Any which way, there will be a limit, and probably quite a tight one. Case preparation consumes time at a frightening rate, so if you do everything in your power to limit the time your adviser has to spend on non-essential tasks, or tasks that she is no better qualified than you to do, you will maximise the time she has available for the more difficult stuff.

Present the papers in the most helpful way you can

Read the advice on coping with a large pile of papers. Taking letters out of envelopes, removing staples and paperclips, sorting papers into chronological order, weeding out duplicates, photocopying and hole-punching are all easy tasks – but time-consuming. You’d think it mad to pay anyone £100 or more an hour to sort your laundry, but it is surprising how many people are prepared to pay their lawyers to put papers into chronological order.
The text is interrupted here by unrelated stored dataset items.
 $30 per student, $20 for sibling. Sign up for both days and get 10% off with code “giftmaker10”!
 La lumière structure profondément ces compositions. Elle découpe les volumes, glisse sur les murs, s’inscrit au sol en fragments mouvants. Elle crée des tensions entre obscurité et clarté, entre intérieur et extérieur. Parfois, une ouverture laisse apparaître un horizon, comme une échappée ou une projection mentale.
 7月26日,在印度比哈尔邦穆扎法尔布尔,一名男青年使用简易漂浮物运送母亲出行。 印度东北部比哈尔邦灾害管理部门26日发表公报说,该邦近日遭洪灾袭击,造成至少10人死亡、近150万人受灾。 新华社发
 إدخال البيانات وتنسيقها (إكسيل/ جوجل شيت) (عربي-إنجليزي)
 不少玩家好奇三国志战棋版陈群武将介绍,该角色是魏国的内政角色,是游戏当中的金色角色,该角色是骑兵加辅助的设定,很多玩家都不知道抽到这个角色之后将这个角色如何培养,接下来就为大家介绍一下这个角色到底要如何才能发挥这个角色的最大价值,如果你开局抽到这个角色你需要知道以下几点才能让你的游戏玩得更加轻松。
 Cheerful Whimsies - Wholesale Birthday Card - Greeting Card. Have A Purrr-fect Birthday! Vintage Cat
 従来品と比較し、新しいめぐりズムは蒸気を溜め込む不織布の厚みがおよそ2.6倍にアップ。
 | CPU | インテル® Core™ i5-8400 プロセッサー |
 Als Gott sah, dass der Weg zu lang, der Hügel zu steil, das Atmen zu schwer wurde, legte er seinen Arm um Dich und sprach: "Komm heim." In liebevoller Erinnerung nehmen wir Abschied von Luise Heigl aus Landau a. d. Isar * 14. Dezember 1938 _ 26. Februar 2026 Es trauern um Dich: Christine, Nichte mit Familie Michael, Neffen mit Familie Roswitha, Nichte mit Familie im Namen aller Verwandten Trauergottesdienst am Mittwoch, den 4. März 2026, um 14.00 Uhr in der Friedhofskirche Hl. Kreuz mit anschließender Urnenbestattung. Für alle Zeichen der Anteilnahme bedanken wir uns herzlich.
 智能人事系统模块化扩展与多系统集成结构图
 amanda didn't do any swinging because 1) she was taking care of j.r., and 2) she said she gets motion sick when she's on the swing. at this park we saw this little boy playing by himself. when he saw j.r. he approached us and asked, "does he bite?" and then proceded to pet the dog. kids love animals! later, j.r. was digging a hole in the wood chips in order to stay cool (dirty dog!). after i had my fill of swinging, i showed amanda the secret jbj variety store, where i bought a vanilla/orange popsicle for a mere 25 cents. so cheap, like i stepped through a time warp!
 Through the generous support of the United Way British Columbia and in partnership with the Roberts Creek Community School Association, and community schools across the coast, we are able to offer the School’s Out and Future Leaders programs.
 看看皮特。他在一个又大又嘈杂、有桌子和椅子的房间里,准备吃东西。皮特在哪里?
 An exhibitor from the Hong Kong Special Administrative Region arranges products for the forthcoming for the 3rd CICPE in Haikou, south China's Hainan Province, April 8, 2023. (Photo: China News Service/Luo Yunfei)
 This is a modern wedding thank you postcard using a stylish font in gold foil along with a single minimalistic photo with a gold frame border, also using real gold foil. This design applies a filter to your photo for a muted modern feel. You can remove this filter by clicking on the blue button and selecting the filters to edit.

Answer questions succinctly

Be as focused as possible in the information you give to your adviser, and the way you answer her questions. In ordinary conversation, a question is very often not so much a request for specific information as a polite cue whose purpose is to make space for you to talk for a bit. If it was your habit to behave in social situations like the ideal witness – just giving a succinct factual answer focused precisely on the question you were asked, and then stopping to wait for the next question – you’d soon stop getting invitations. But your lawyer’s questions are best treated in precisely that way.

Don’t ask your adviser for information you can easily find elsewhere

There are many sources of free information for people going through employment tribunal claims, so try to get the answers to your basic questions that way before paying your lawyer to tell you. A good start is to make full use of this blog – don’t just read the most recent posts: explore the index, have a look at the resources page and the glossary, visit the websites that we link to. You could also ask your local library to get a copy of the book (ask for Tamara Lewis’s Employment Law: an adviser’s handbook too, while you’re about it).

Do some of the work yourself

If you are trying to keep your legal costs down, don’t be shy to ask ‘Is that something I could do myself?’ or ‘Will it save time if I do a first draft?’ when your lawyer tells you that a particular piece of work needs doing. You will certainly save quite a lot of your adviser’s time if you write a good first draft of your witness statement.

1

Legal costs insurance

If you lose your job or get into a dispute with your employer, checking the small print of your household or car insurance may not be among the first things you think of doing. It probably should be, because you may well have insurance that would cover the cost of legal advice, but you could lose the benefit if you don’t get in touch with your insurer promptly.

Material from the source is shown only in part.